◆ Work instructions
Only one stretch of the material below is wanted: everything from the line containing "Die mattschwarze Silikon-Handyhülle" down to the line containing "Рулетка 8м/25мм EXPERT", both ends included. Repeat it exactly and skip the pictures.

◆ Record set
- Opening Delimiter -

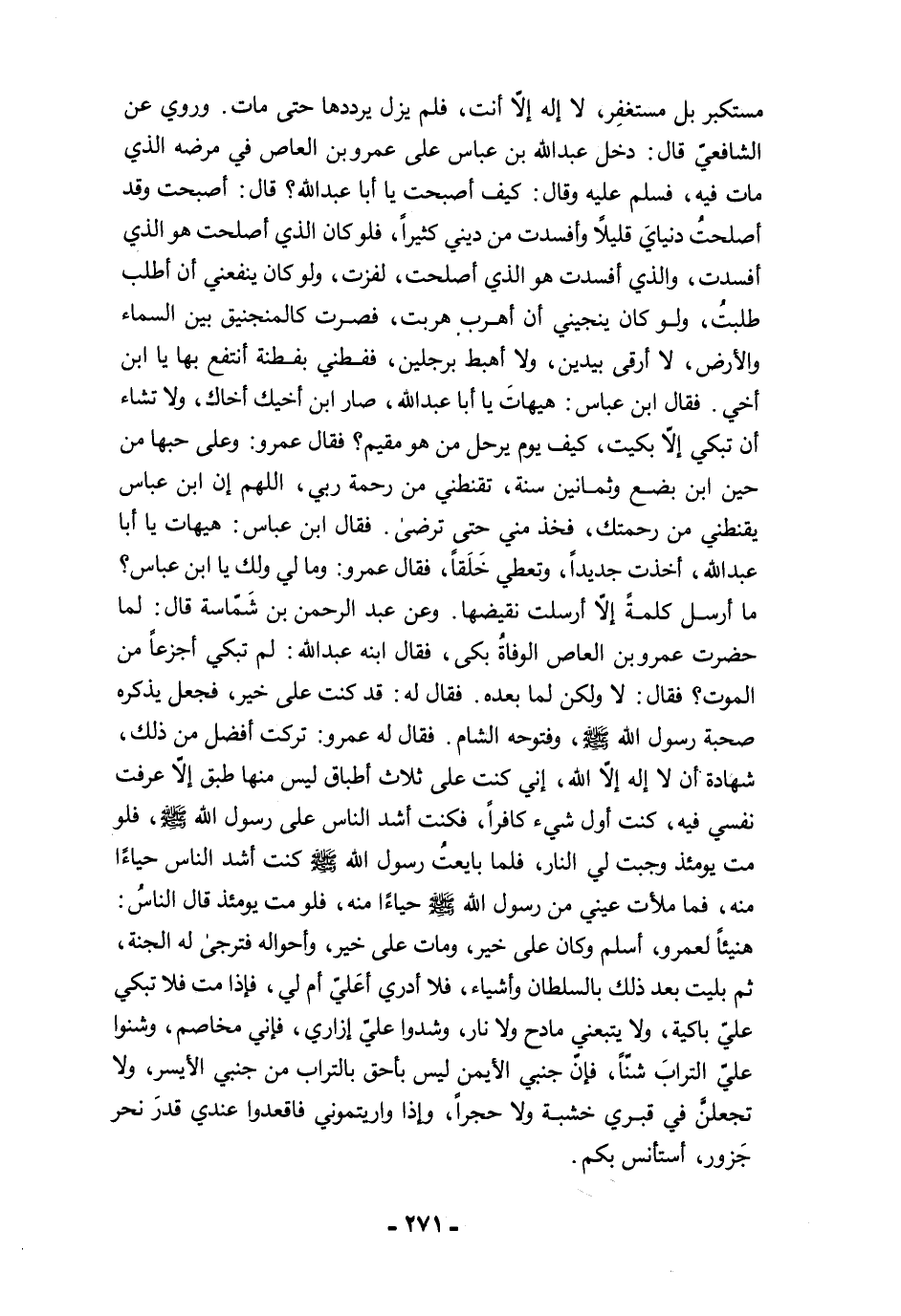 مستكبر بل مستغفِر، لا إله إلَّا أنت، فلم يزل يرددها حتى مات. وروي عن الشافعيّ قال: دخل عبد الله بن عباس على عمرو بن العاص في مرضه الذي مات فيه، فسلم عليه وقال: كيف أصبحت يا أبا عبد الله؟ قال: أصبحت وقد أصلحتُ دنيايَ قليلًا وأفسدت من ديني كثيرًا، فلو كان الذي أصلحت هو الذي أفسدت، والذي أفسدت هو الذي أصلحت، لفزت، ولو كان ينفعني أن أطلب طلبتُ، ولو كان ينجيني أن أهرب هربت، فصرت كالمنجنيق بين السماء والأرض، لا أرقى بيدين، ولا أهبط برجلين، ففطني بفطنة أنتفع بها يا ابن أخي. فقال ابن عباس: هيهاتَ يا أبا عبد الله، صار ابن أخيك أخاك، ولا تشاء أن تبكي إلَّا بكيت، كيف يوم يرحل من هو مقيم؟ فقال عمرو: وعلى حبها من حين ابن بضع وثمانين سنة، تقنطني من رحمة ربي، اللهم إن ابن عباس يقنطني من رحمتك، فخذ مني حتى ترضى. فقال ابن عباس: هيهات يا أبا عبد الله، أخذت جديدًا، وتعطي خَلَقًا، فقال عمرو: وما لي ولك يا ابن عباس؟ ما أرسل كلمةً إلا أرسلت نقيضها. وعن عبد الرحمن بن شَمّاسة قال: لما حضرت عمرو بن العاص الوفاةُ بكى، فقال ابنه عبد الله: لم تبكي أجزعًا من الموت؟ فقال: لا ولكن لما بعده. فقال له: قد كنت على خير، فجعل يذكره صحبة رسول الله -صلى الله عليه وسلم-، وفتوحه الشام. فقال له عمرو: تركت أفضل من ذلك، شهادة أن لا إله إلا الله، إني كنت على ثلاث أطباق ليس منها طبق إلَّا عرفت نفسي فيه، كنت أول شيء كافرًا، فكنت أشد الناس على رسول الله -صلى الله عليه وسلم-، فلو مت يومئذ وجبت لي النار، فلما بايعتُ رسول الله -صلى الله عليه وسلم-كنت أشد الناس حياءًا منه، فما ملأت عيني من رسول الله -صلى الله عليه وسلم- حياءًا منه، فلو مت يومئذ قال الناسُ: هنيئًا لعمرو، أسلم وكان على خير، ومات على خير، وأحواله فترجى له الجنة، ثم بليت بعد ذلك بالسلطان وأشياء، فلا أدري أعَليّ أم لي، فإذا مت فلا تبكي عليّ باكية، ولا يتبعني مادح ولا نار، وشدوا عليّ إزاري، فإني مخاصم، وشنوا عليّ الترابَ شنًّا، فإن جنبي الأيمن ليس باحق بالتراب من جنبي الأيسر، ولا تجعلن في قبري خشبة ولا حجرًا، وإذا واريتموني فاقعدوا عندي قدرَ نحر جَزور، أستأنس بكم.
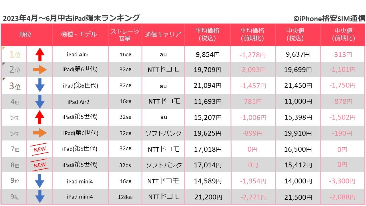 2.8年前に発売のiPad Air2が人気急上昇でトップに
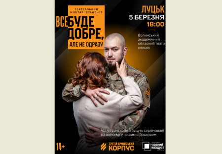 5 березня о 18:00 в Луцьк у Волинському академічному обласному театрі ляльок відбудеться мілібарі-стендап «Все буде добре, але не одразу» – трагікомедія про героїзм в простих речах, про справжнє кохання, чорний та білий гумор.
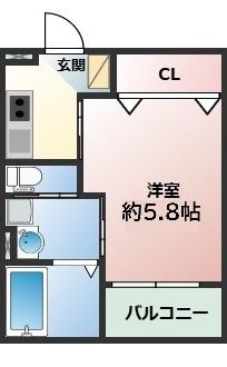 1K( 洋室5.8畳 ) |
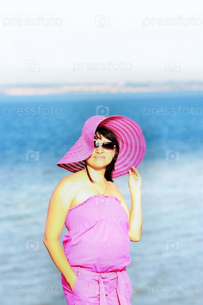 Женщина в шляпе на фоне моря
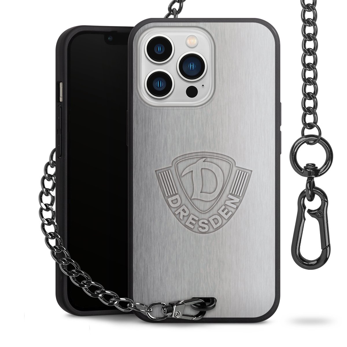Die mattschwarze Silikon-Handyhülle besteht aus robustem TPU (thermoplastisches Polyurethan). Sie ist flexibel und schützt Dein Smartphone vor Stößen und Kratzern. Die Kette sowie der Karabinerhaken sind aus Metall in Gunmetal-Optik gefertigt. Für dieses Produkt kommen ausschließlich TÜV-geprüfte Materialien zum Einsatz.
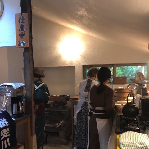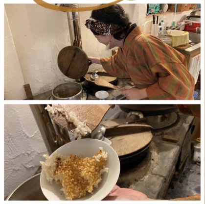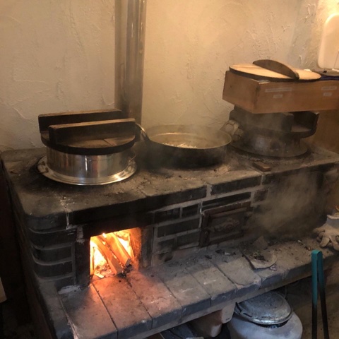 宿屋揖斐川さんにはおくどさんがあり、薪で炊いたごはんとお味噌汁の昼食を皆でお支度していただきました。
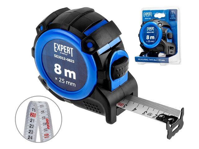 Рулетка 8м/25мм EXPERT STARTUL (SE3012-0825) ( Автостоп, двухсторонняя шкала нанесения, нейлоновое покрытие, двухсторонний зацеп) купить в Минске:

- Closing Delimiter -
- Opening Delimiter -

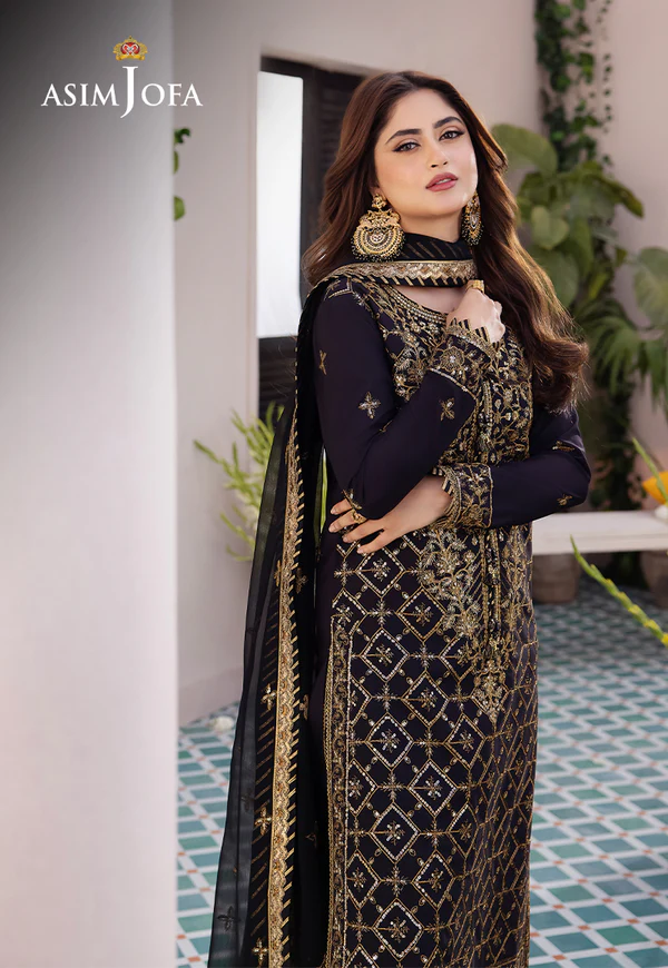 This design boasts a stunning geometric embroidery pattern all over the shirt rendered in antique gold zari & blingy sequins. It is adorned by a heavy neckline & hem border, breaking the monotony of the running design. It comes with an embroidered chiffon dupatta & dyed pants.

- Closing Delimiter -
- Opening Delimiter -

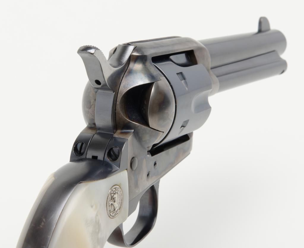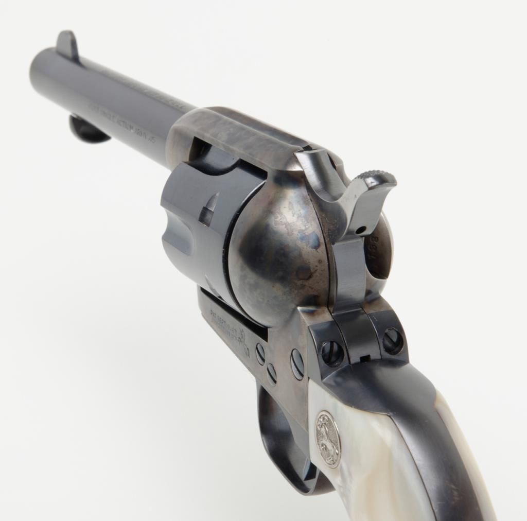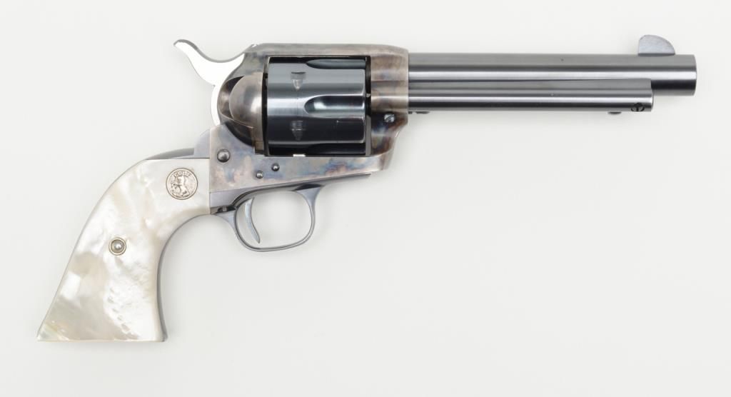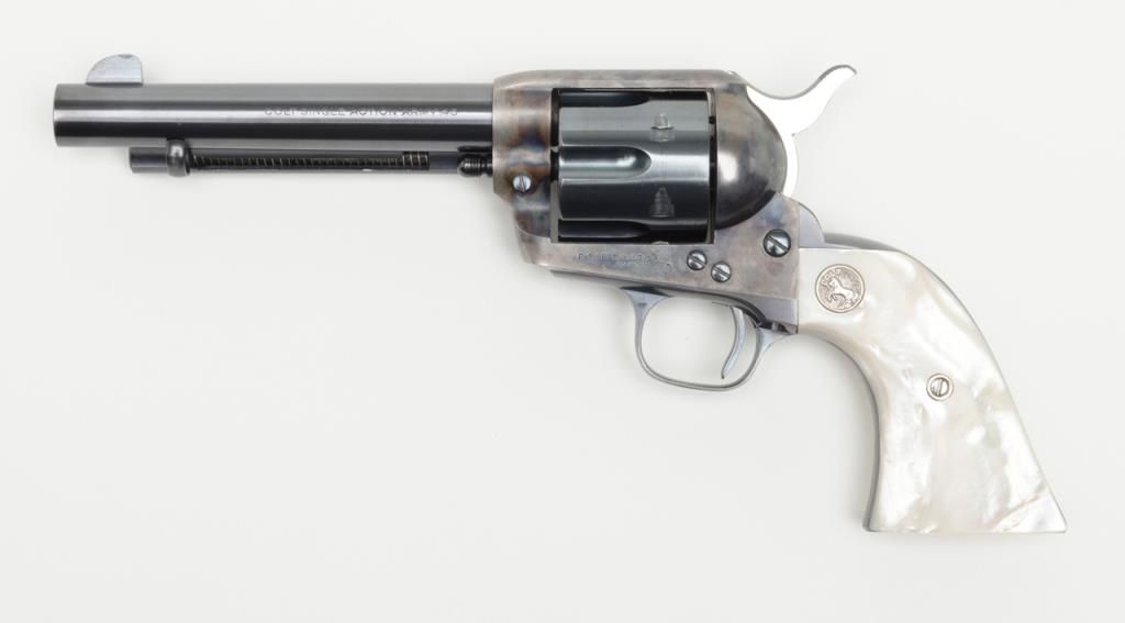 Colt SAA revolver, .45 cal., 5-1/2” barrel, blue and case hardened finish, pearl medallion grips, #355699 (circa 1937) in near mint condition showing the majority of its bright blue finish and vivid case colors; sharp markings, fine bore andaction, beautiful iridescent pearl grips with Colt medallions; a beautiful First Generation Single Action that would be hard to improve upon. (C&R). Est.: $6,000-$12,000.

- Closing Delimiter -

◆ Exercise solution
Die mattschwarze Silikon-Handyhülle besteht aus robustem TPU (thermoplastisches Polyurethan). Sie ist flexibel und schützt Dein Smartphone vor Stößen und Kratzern. Die Kette sowie der Karabinerhaken sind aus Metall in Gunmetal-Optik gefertigt. Für dieses Produkt kommen ausschließlich TÜV-geprüfte Materialien zum Einsatz.
 宿屋揖斐川さんにはおくどさんがあり、薪で炊いたごはんとお味噌汁の昼食を皆でお支度していただきました。
 Рулетка 8м/25мм EXPERT STARTUL (SE3012-0825) ( Автостоп, двухсторонняя шкала нанесения, нейлоновое покрытие, двухсторонний зацеп) купить в Минске:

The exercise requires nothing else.